[Data below]
== Segment start ==
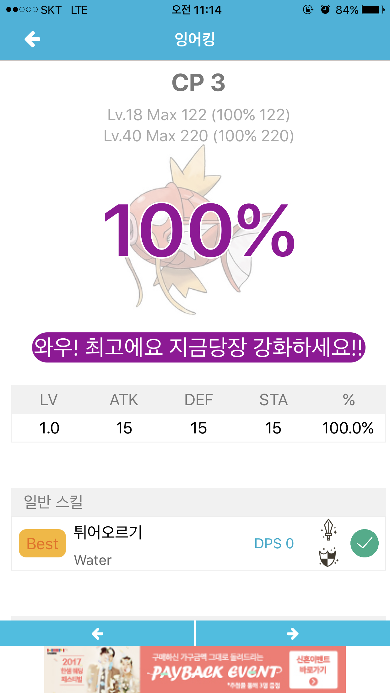 cp가 ㄷㄷㄷㄷ 잉어킹 안그래두 사탕 400개라....ㅠㅠ 일단 키우고싶으시면 진화후에 스킬 택한느거 보고 별로면 버리시는게 맞아요.. | ||
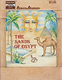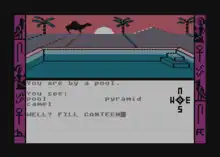 The Sands of Egypt is a 1982 graphic adventure game written by James Garon, Ralph Burris, and Steve Bjork of Datasoft for the TRS-80 Color Computer.[2] It was licensed to Tandy Corporation and was the first disk-only game for the Color Computer sold by RadioShack.[2] Ports to Atari 8-bit computers in 1982 and Apple II in 1983 were published by Datasoft. Set in 1893, the game follows a British explorer and archaeologist who is lost in the desert. Text commands are entered in the lower half of the screen, while a sometimes animated image of the current location is displayed in the upper half.
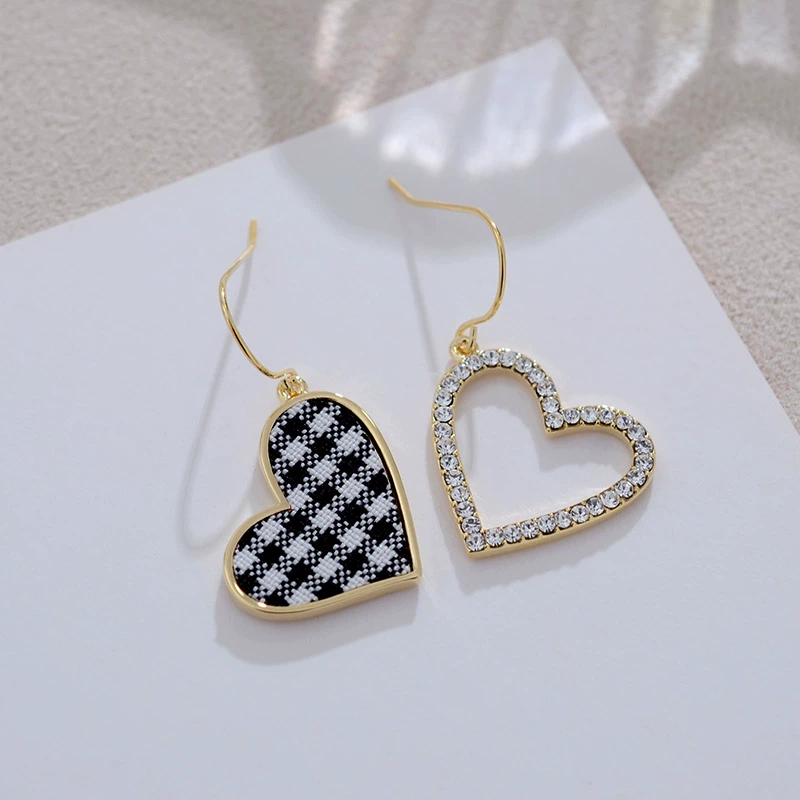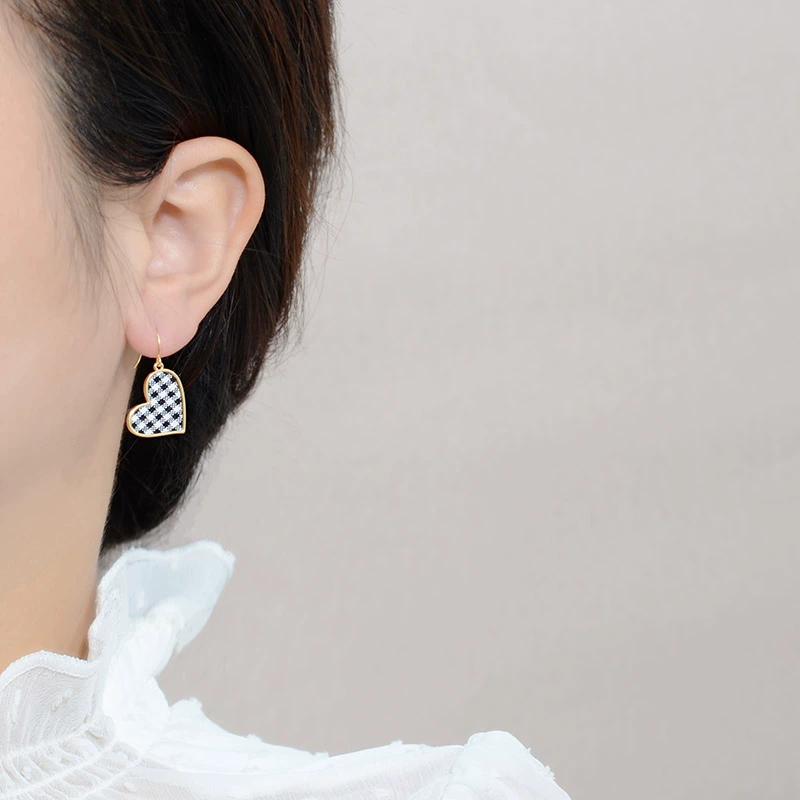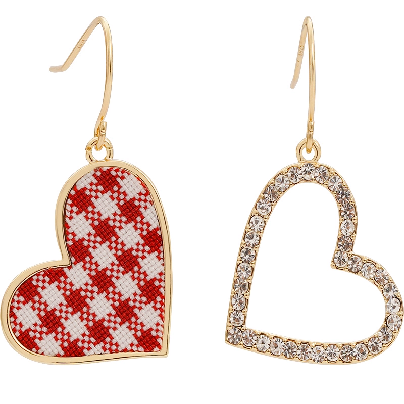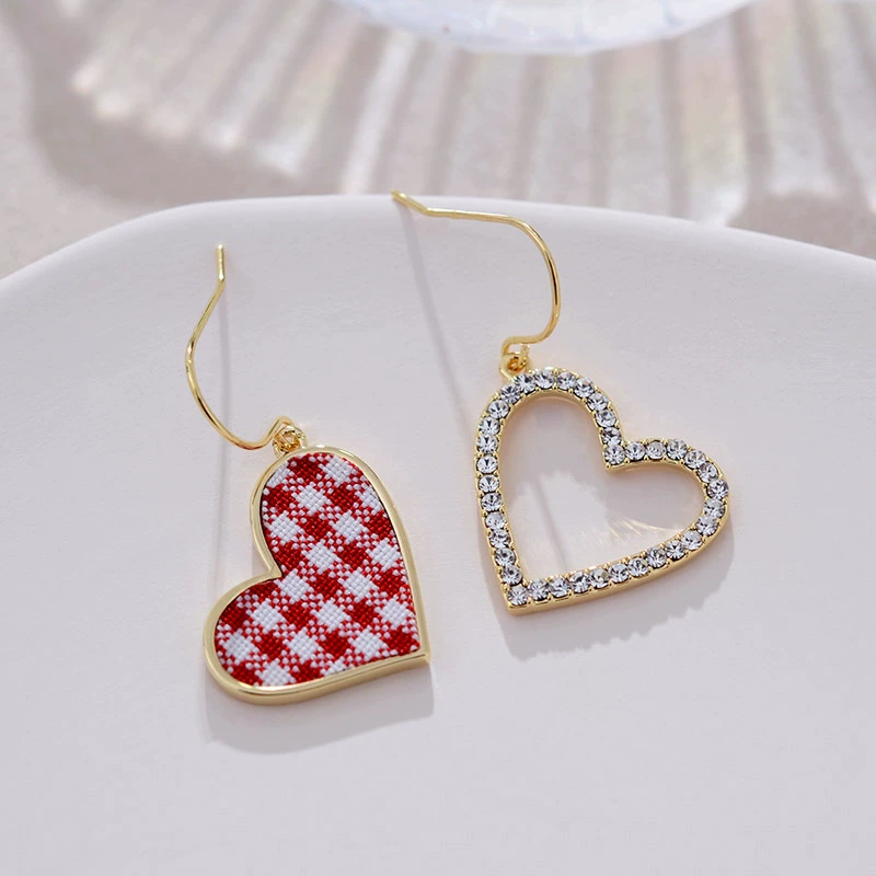 | nameOriginal | Cute little fresh earrings plaid peach heart asymmetrical niche design earrings high-end personalized fabric earrings for women |
== Segment end ==
[Exercise directions] An exact copy of every line above is needed, without the images.

[Answer to this exercise]
 cp가 ㄷㄷㄷㄷ 잉어킹 안그래두 사탕 400개라....ㅠㅠ 일단 키우고싶으시면 진화후에 스킬 택한느거 보고 별로면 버리시는게 맞아요.. | ||
 The Sands of Egypt is a 1982 graphic adventure game written by James Garon, Ralph Burris, and Steve Bjork of Datasoft for the TRS-80 Color Computer.[2] It was licensed to Tandy Corporation and was the first disk-only game for the Color Computer sold by RadioShack.[2] Ports to Atari 8-bit computers in 1982 and Apple II in 1983 were published by Datasoft. Set in 1893, the game follows a British explorer and archaeologist who is lost in the desert. Text commands are entered in the lower half of the screen, while a sometimes animated image of the current location is displayed in the upper half.
 | nameOriginal | Cute little fresh earrings plaid peach heart asymmetrical niche design earrings high-end personalized fabric earrings for women |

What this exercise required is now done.